2019年USAAAO决赛第7题

来自astro-init

英文题目

7. (15 points)

a) Mass-Radius Relation Stellar physics often involves guessing the equation of state for stars, which is typically a relation between the pressure P and the density ρ. A family of such guesses are known as polytopes and go as follows

$$P = K\cdot ρ^γ$$ (1)

where K is a constant and the exponent γ is fixed to match a certain pressure and core temperature of a star. Given this, show that one can obtain a crude power-law scaling between the mass M of a polytopic star and its radius R of the form $$M\propto R^α$$. Find the exponent α for polytopic stars (justify all steps in your argument).

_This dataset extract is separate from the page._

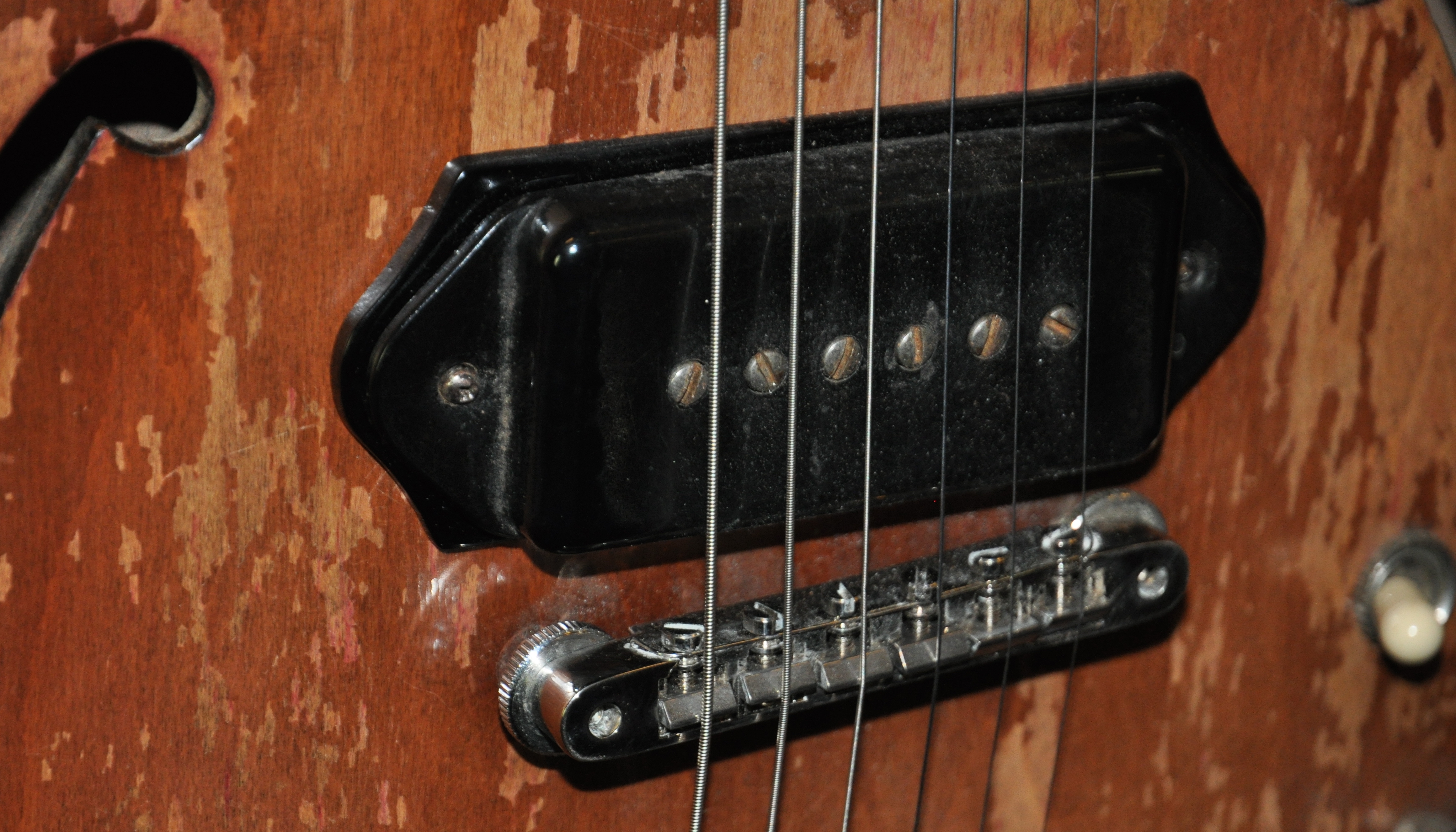 Bridge pickup shimmed to get closer to the string for more balanced volume with the neck pickup, (same idea as Gibson installed on ES-5, ES-225 and others).

Also, indicate the exponent γ for which the mass is independent of the radius R. Bonus: Why is this case interesting?

b) Black Holes as Blackbodies The mass radius relation for ideal non-rotating, uncharged black holes is known from relativity to be

$$R = \dfrac{2GM}{c^2}$$ (2)

Moreover, Stephen Hawking showed that a black hole behaves like a blackbody, where its temperature (known as the Hawking temperature) is given by

$$T =\dfrac{ħc^3}{8πk_BGM}$$ (3)

Given this information, show that the lifetime of a black hole (justify this phrase!) $$t^*$$scales with its mass M as

$$t^* \propto M^β$$ (4)

where you should find the exponent β

c) Minimal Black Holes Using the information of the previous part, and Wien’s displacement law, estimate the smallest possible mass of a black hole. State any possible flaws with this estimate.